ANESTEZİ MİKTARI ÖNEMLİ Basit operasyonların dışında bir sezaryen, apandist, guatr, safra kesesi, hemoroid, kıl dönmesi ya da kemik ameliyatı gibi ameliyatlarda bütün anestezistlerin verdiği dozlar aynıdır. Çünkü kanıtlanmış ve ortalama bir değer biçilmiştir, ilacın bir dozu vardır. Minimum değeri saptanmıştır, biz onun doz olarak karşılığını biliriz. Diyor ki, sen kilosuna, boyuna bakıyorsun o hastaya şu kadar ilacı verirsen etkili olursun. İlacı önce titreterek veriyoruz. Titretmek, o dozu azar azar verip hastadan gelecek cevaba bakmak demek. Ve bütün ameliyatlarda bu dozlar verilerek hasta uyutuluyor. Ondan sonra ameliyatın uzunluğuna, kısalığına göre bir beşinci ilaç ekliyoruz. O beşinci ilacın süresi değişiyor. Anestezi ilacı enjektörle çekiliyor ve damardan veriliyor. Ameliyattaki işlemde akciğerlerden gaz şeklinde ilaç vermeye devam ediyoruz.
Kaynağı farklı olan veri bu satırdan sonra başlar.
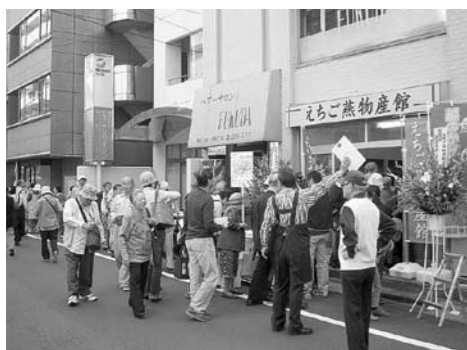
▲初日は50人以上が並ぶ大盛況のスタートとなりました。

●「えちご燕物産館」 住所：東京都墨田区両国 2-18-3(JR 両国駅西口徒歩1分) / 営業時間：午前11時～午後7時(年末年始のみ休業) / ☎03・6659・9970

AKCİĞERE GAZ VERİLİYOR Çocuklarda bu ilaçların dozu değişiyor. Onlarda daha özellikli uyutuluş şekli var. Çocuklar iğneden korktuğu için onlara önceden şurup içinde sakinleştirici ilaçlar veriyoruz. Hafif uykuya meyilli hale geliyorlar. Ameliyathanede de 'maskeyle balon şişireceğiz' diyoruz, masallar anlatıyoruz ve uyutuyoruz. Zaten maskenin dayandığını bile hatırlamıyorlar. Uyutup damar yolunu açtıktan sonra ilacını veriyoruz. Ardından 'entübasyon' dediğimiz bir işlem yapıyoruz. Entübasyon, tüpün soluk borusuna yerleştirilmesidir. Bu tüp ile akciğerin içine gazları veriyoruz. Bu gaz akciğerden beyne giderek uyutuyor. Ama çocuğun ısısı çok önemli bir faktör. Isısını, soluk alıp verişini iyi ayarlamak gerekir. Ağrısını kesmek çok önemli.
GÖGÜS KASLARI FELÇ OLUYOR! Entübasyonu tüm hastalara uyguluyoruz. Operasyonun bitmesine yakın gaz verme işlemi kesiliyor. Onu da yavaş yavaş kesiyoruz. Öyle ilaçlar veriyoruz ki, hastanın soluk alıp verme kasları felç oluyor. Zaten o komut da gelmiyor, uyuyorsunuz çünkü. Soluk alıp verme işinin geri gelmesini bekliyoruz. Daha sonra bilinci de yavaş yavaş açılıyor. Ameliyattan çıkan hastanın yakınlarına hep 'Bırakın uyusun' derim. Hastanın vücudu da zaten 'ben uyuyayım, dinleneyim' istiyor.